🤖 AI Summary
Existing models for predicting neural population activity rely solely on Pearson correlation, neglecting critical structural information such as temporal dynamics, spatial patterns, and amplitude relationships. To address this limitation, this work establishes the first large-scale autoregressive prediction benchmark using 105 Neuropixels sessions encompassing approximately 89,800 neurons, evaluating seven architectural families—including state-space models (SSMs), Transformers, LSTMs, and spiking neural networks (SNNs). The study introduces a novel evaluation framework that decomposes predictive performance into temporal fidelity, spatial pattern accuracy, and amplitude-invariant alignment. This approach reveals a hierarchical organization of predictability across brain regions (ΔR² = 0.018), identifies a sub-Poisson lower bound on prediction error, and demonstrates the limitations of both artificial-to-spiking neural network distillation and conventional metrics in capturing biophysically constrained performance limits.
📝 Abstract
Neural population models, which predict the joint firing of many simultaneously recorded neurons forward in time, are typically evaluated by a single aggregate Pearson correlation $r$ between predicted and actual spike counts, a number that masks critical structure.

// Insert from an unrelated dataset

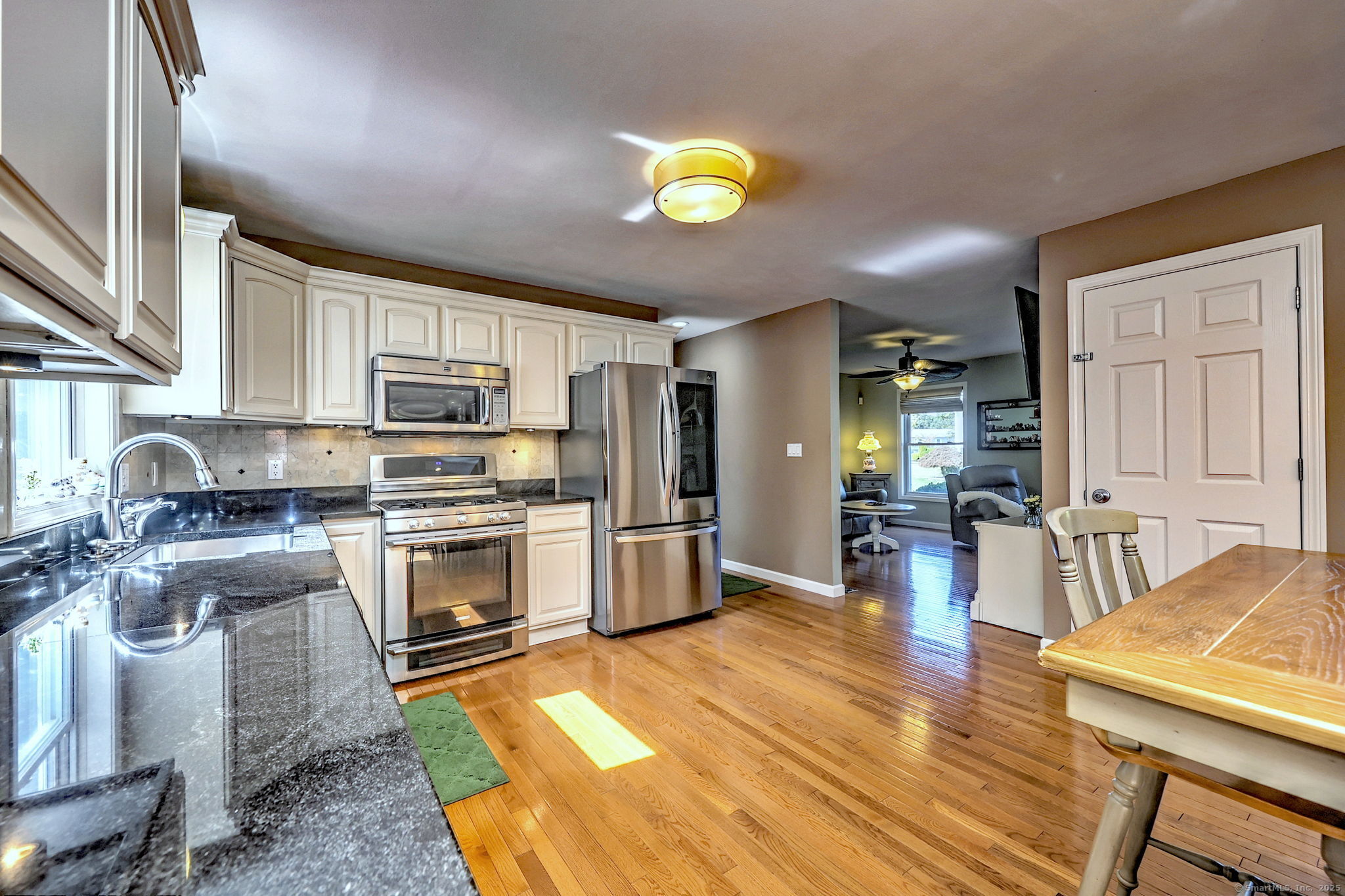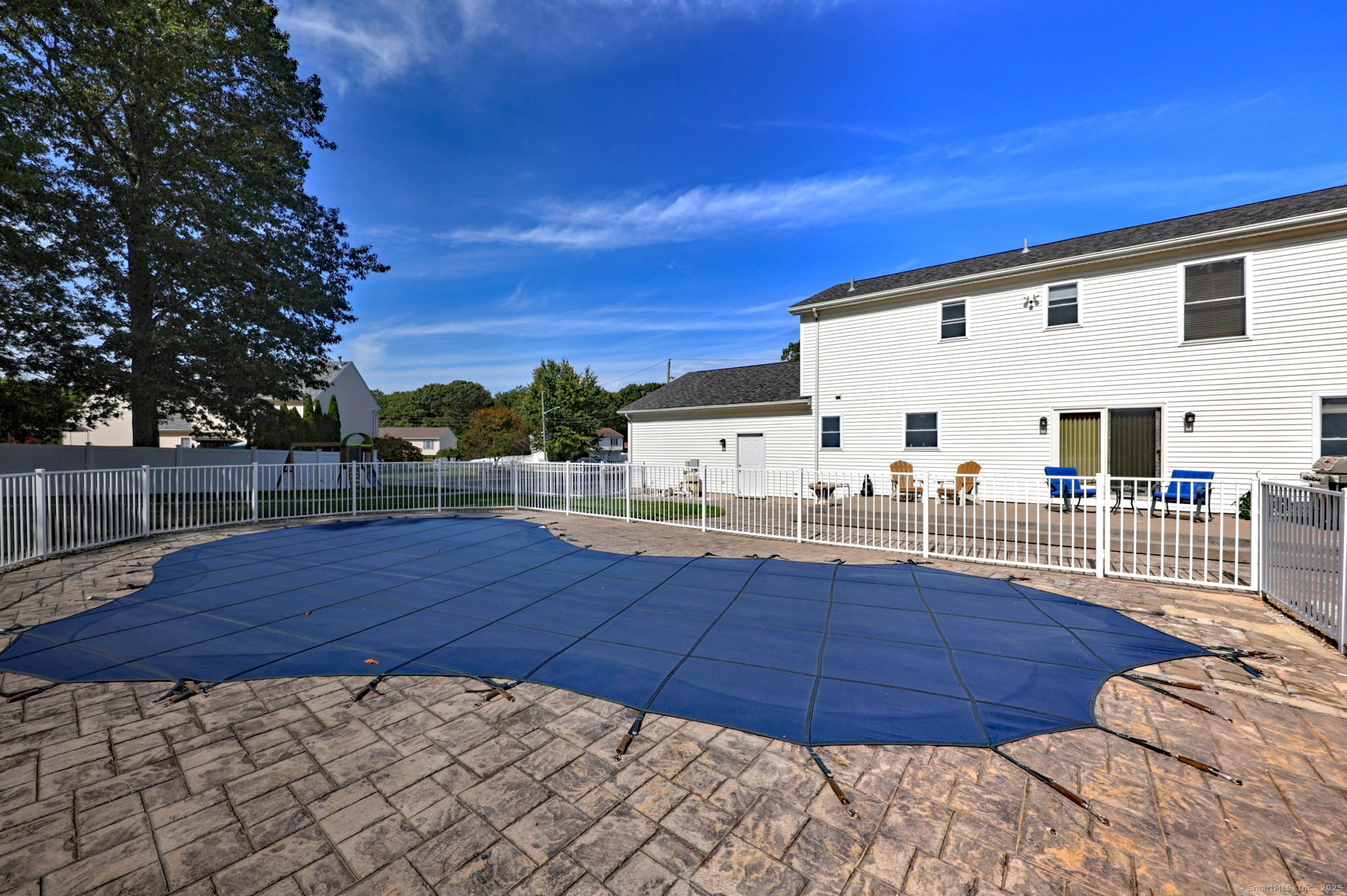 Impressive and beautifully maintained, this 3 bedroom, 2 1/2 bath Colonial is set on a level lot in West Ridge Estates. The spacious eat-in kitchen offers plenty of cabinetry and counter space, with a slider that opens to a patio overlooking the manicured yard and inviting in-ground pool. A half wall with a granite counter creates a stylish separation to the dining room, while the living room with its beautiful fireplace, provides the perfect space for relaxing or entertaining. A den and half bath complete the main floor. Upstairs, the primary bedroom features a vaulted ceiling, walk-in closet, and a newly remodeled full bath. There are two additional generously sized bedrooms and a second remodeled bath. Some of this homes' other features include gleaming hardwood floors, an impressive two-story foyer, stainless steel appliances, furnace and central air (2019), tankless hot water heater (2020), a new roof on both the house and shed (April 2024) newer garage doors and openers, and a fenced in back yard with an additional fence around the pool. The pool filter, liner and cover have also been replaced. West Ridge Estates is a 22-home subdivision consisting of three cul-de-sacs, offering a true neighborhood feel. Enjoy East Haven's beach, restaurants, and town green home to concerts, festivals, a farmer's market and much more. This home is also an easy commute to New Haven's schools, hospitals, colleges, train station, Coast Guard, Tweed Airport, and shoreline communities.

We argue that how we evaluate spike forecasting matters as much as what we build, and introduce SpikeProphecy, the first large-scale benchmark for causal, autoregressive spike-count forecasting on real electrophysiology recordings. Our core contribution is a population metric decomposition that separates aggregate performance into temporal fidelity, spatial pattern accuracy, and magnitude-invariant alignment. The decomposition surfaces aspects of the underlying data that an aggregate scalar collapses together. We apply the protocol to 105 Neuropixels sessions (Steinmetz 2019 + IBL Repeated Site; ~89,800 neurons) with seven architecture baselines spanning four structural families: four SSMs (three diagonal and one non-diagonal), a Transformer, an LSTM, and a spiking network. The decomposition surfaces a brain-region predictability ranking that reproduces across all seven baselines and survives ANCOVA correction for firing-statistics constraints (region $ΔR^2 = 0.018$ above the firing-statistics covariates). It also exposes a sub-Poisson evaluation floor where rigorous metrics combine with genuine biophysical constraints on regular spike trains, and yields a negative result on KL-on-output-rates distillation for ANN-to-SNN transfer in this Poisson count domain.